竹野康治郎

すべてが変わった日の竹野康治郎のレビュー・感想・評価

すべてが変わった日(2020年製作の映画)
3.6
個人的には思った以上の胸糞映画でしたし、家族の話でありながらなんとも気味が悪い作品です。一方でなんか奪還作戦の無茶苦茶ぶりも凄いし、そこまでの表現も少し過激だったりと前後半で全く違うテイストでした。

前半はなんとも穏やかでややロードムービー的な要素もありながら、ケビンコスナーとダイアン・レインの演技に浸ります。なんか息子を亡くしてしまうが、ちょっとした理想めいた形を展開しながら、ゆっくりと味わうような感覚です。

ただ、その扉を開き、中に入った日からすべてが変わったように展開になります。互いに守るもの、それは命なのか、生活なのか、メンツなのか、様々なものが一気に交錯しながら、胸にどす黒いものが渦巻くような重さを感じます。苦しかったです。
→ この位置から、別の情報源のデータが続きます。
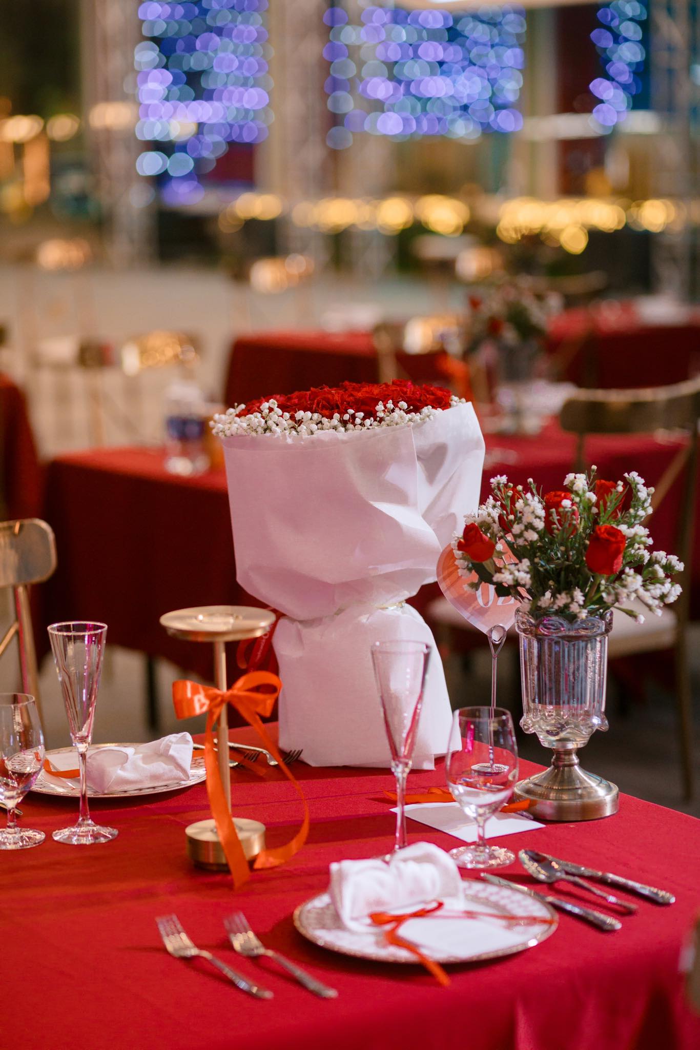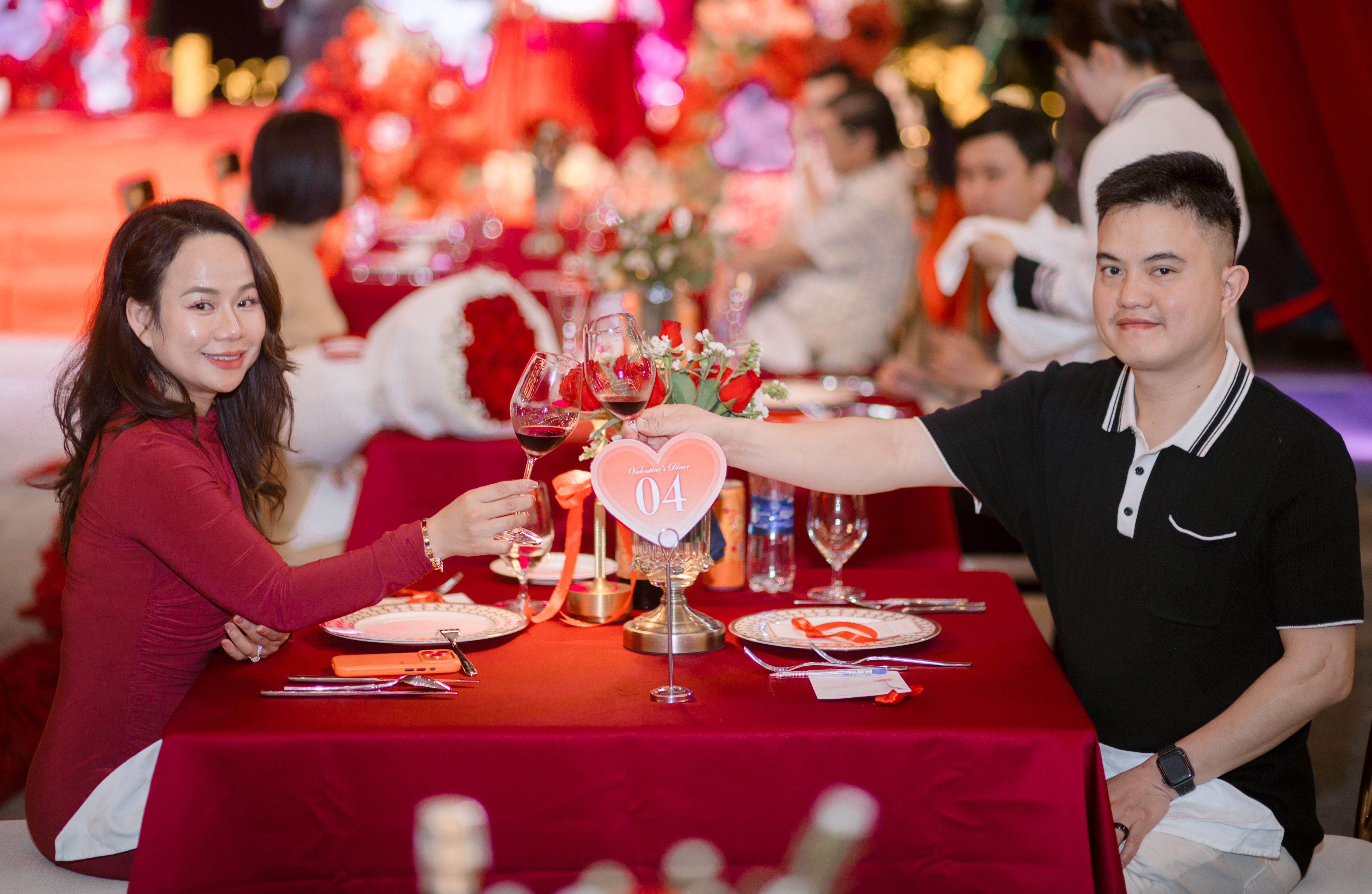 Từng chi tiết trong không gian đêm Valentine được chăm chút tỉ mỉ, tạo nên một tổng thể hài hòa giữa ánh sáng, màu sắc và cảm xúc. Sắc đỏ của tình yêu hòa cùng ánh nến dịu nhẹ, điểm xuyết bởi những đóa hoa tươi, tất cả như góp phần vẽ nên một khung cảnh vừa tinh tế vừa đầy rung động.
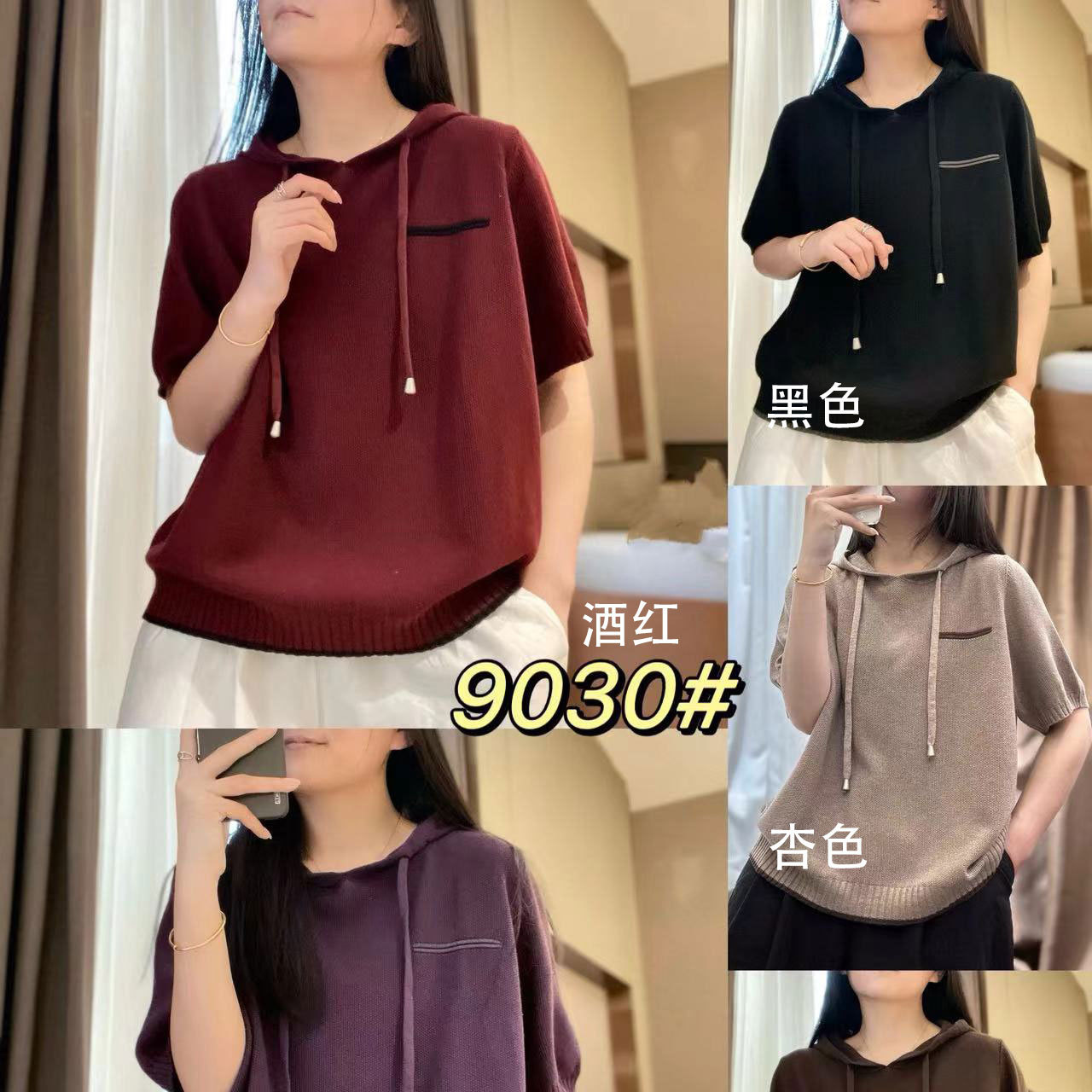Dm9030純色シンプル気質フード付きニットtシャツ2025新商品ファッションインナーニット上着

家族のあり方、それは育った環境や親によってもバラバラ、そしてそれは地域にもよるし、年代にもよる。価値観って難しいが、その中にある人の幸せってなんなんだろうと考えさせられました。

ベースにある歴史的背景(1960年代のお話なのでアメリカは結構混乱しています)をある程度知った上で、鑑賞した方がいいのかなとも思いました。

熟練の演技と思わぬ展開を楽しんでいただければと思います。